Repair runs inside the KVM guest, consistent with every other mutating operation (resize / commit / snapshot all mutate the live image via the write_*_sector call-table primitives). No new trust boundary is introduced.
A corrupt fixture that qemu-img check -r can repair is repaired byte-equivalently (or at minimum to a state qemu-img check declares clean) by instar, verified in integration tests and differential fuzzing.
The repair mutators reuse src/crates/snapshot/'s primitives wherever possible; any genuinely new pure logic lands in a repair module (a src/crates/check/ planner crate, or a repair submodule of an existing crate — open question 1).
No regression to the existing reporting path: instar check with no --repair flag is byte-identical in output and exit code.

Design overview: the repair safety model¶

The single most important design decision in this plan is the safety model, because a buggy repair does not fail loudly — it silently corrupts an image the user explicitly asked us to fix. "Force the user to take a backup first" is the blunt framing and we reject it, for three reasons: qemu-img check -r does not do it (parity is instar's whole purpose); mandating a full copy of a potentially terabyte-scale image to reclaim a few leaked clusters is absurd UX; and in-place mutation is the established house style for every instar mutating op. Instead, safety comes from five concrete properties:

1. Tiering: safe vs lossy, mirroring qemu¶

Tier	Flag	Operations	Reversibility
Safe	`leaks`	Decrement refcount of allocated-but-unreferenced clusters to 0	Lossless — only frees space provably referenced by nothing
Lossy	`all`	Rebuild refcount structures, reconcile COPIED flags, clear `corrupt` bit	Potentially lossy — resolves ambiguity; a wrong guess discards a reference

leaks is the only tier we can promise is non-destructive. It is the conservative default the documentation steers users toward. all is opt-in and carries an explicit warning in --help and docs.

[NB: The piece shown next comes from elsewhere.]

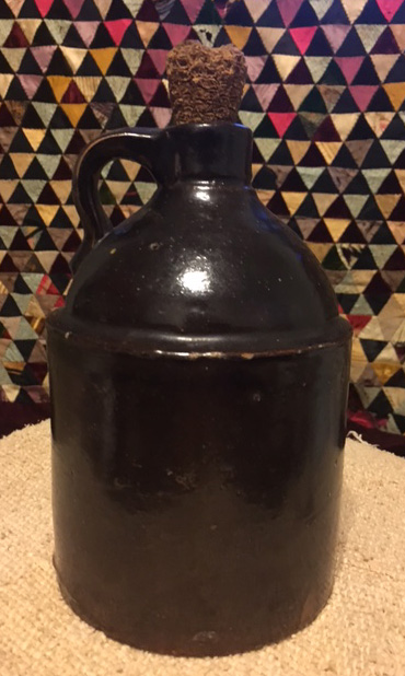 Darling little brown jug (about 8 inches high) from the turn of the century followed me home.  Granny's rheumatism medicine in a travel size.
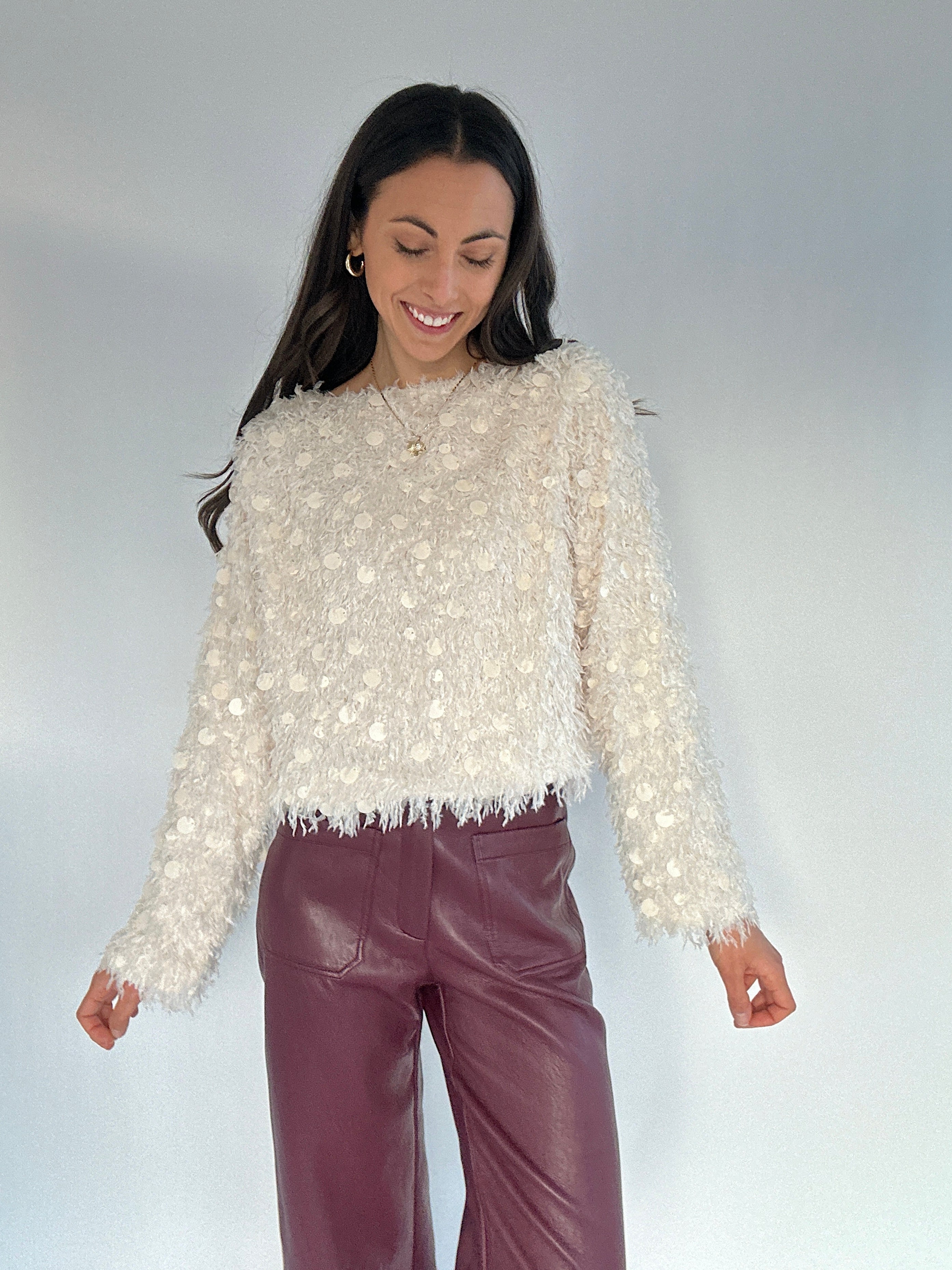 Erna Chic Sweater Top – A cozy yet sophisticated piece you’ll reach for all season, it's perfect for holiday gatherings, office looks, or evening outings with friends. Its plush, fuzzy fabric and elegant crew neckline make it easy to wear while keeping a chic appearance. The long sleeves and pull-on design provide comfort and versatility, making it a must have addition to your wardrobe!

2. Dry-run is already the default — and it is free¶

Plain instar check (no --repair) is the dry run: it walks the image and reports every finding without writing a byte. Users preview exactly what repair would target before opting in. We do not need a separate --dry-run flag; the absence of --repair is the dry run, matching qemu.

3. In-place mutation, no mandatory backup¶

Repair patches the live file through write_input_sector / write_output_sector, exactly as resize/commit/snapshot do. We do not copy, stage-to-temp-then-rename, or force a .bak. The docs note that all is destructive and recommend (not require) a backup for valuable images — the same posture as qemu-img.

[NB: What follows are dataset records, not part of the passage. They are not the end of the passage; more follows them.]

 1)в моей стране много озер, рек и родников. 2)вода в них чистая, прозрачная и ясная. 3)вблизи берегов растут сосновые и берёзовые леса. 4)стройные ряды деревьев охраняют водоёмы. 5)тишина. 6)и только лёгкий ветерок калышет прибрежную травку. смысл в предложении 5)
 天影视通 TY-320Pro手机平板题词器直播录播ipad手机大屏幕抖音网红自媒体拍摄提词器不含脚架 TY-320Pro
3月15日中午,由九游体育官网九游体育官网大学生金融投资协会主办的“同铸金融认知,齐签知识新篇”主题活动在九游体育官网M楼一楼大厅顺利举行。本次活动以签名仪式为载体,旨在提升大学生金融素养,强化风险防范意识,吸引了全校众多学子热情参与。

4. Crash-safe write ordering, guarded by the `corrupt` bit¶

This is the property that actually protects the user, and the one a backup cannot provide. If the guest dies mid-repair the image must not be left worse. The discipline applies to the lossy all tier (phase 5), whose structural rewrites can leave mid-flight inconsistency:

Set the header corrupt bit (incompatible feature bit 1) before the first structural write, so an interrupted repair leaves an image that refuses to open read-write until re-repaired, rather than one that silently mis-reads.
Write new/rebuilt refcount blocks before repointing the refcount table at them; fsync between ordering-critical phases (the snapshot work added fsync_input to the call table — repair reuses it).
Clear the corrupt bit last, only after a final in-guest re-validation pass reports zero corruptions/refcount errors.

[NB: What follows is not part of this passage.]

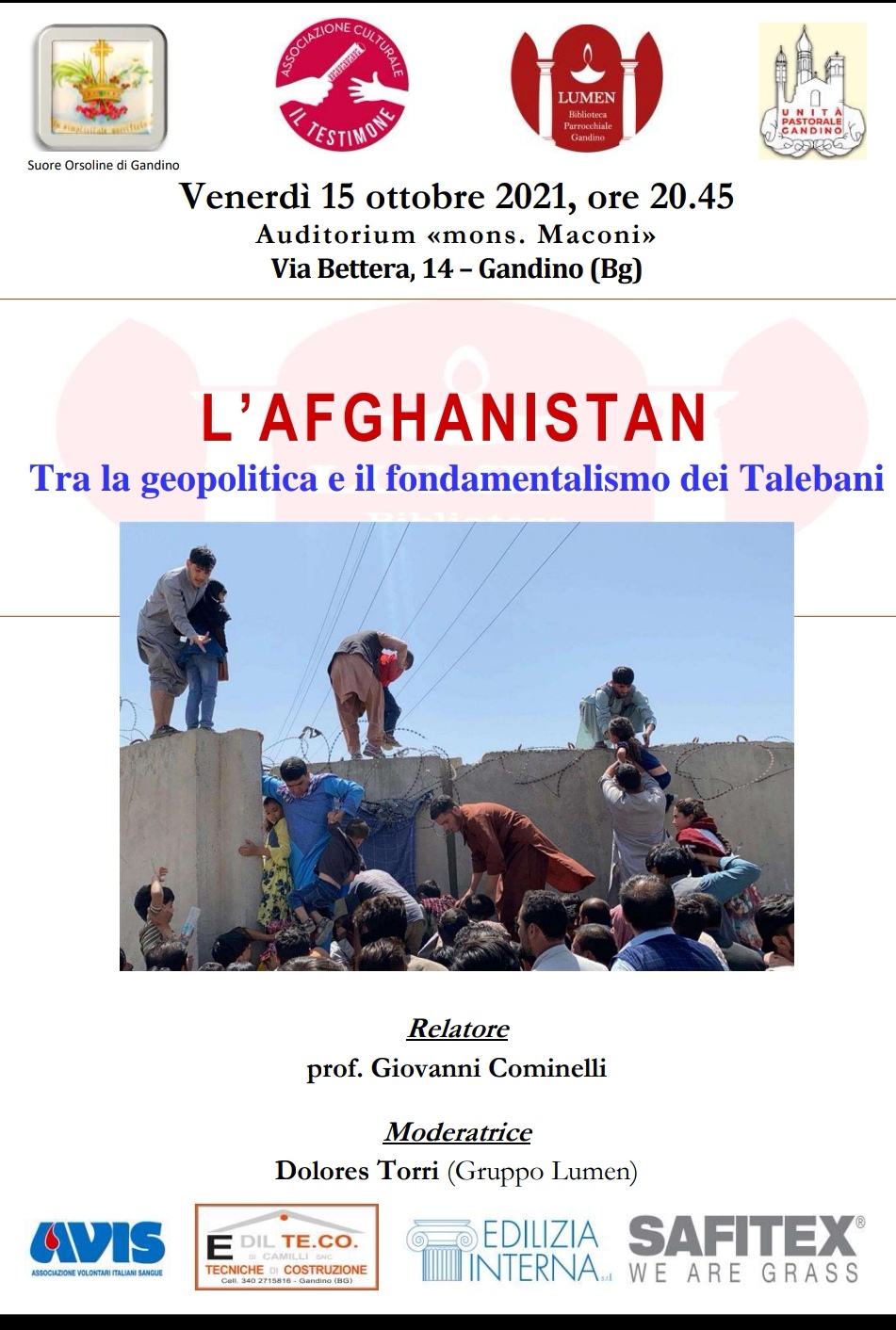 Un serata di approfondimento, legata ad un tema di stretta attualità che interroga ciascuno di noi. E’ in programma venerdì 15 ottobre a Gandino la conferenza sul tema “L’Afghanistan, tra la geopolitica e il fondamentalismo dei Talebani”. L’incontro, organizzato dal Gruppo Lumen, si terrà nell’auditorium mons. Maconi del Centro Pastorale di via Bettera, a pochi passi dalla Basilica. Sarà guidato dal prof. Giovanni Cominelli, con moderatrice Dolores Torri. La serata è patrocinata dall’Unità Pastorale di Gandino, Barzizza e Cirano, dall’Associazione Culturale “Il Testimone” e dall’Istituto delle Suore Orsoline di Gandino. L’iniziativa rientra nel più ampio contesto della promozione culturale che il Gruppo Lumen, coordinato dal prof. Pietro Gelmi, porta avanti dal 2017 nell’ambito delle attività della Biblioteca Parrocchiale “mons. Francesco Caccia” di Gandino. Il gruppo è aperto a tutti quanti condividano le preoccupazioni e l’attenzione per i cambiamenti epocali che viviamo e vogliano partecipare alla riflessione comune sui temi del tempo storico presente. “Siamo convinti – spiegano i promotori - che sia possibile un mondo migliore, solo se ciascuno di noi si assume le responsabilità che gli competono in quanto persona e in quanto cittadino. Siamo impegnati a stimolare l’assunzione di responsabilità delle persone in due ambiti: quello della conoscenza del mondo presente e quello dell’educazione delle giovani generazioni”.

The safe leaks tier (phase 4) deliberately does not touch the corrupt bit. Leak reclamation only lowers the refcounts of clusters the completed whole-image walk proved unreferenced — monotonic frees that are individually crash-safe, so a partially-applied leaks repair leaves a consistent (if still-leaky) image. Setting the corrupt bit there would also regress an image that has unrelated, unfixed corruptions: re-validation would not come back clean, so the bit would be left set on an image that was openable before. fsync ordering still applies for durability; the corrupt-bit guard does not.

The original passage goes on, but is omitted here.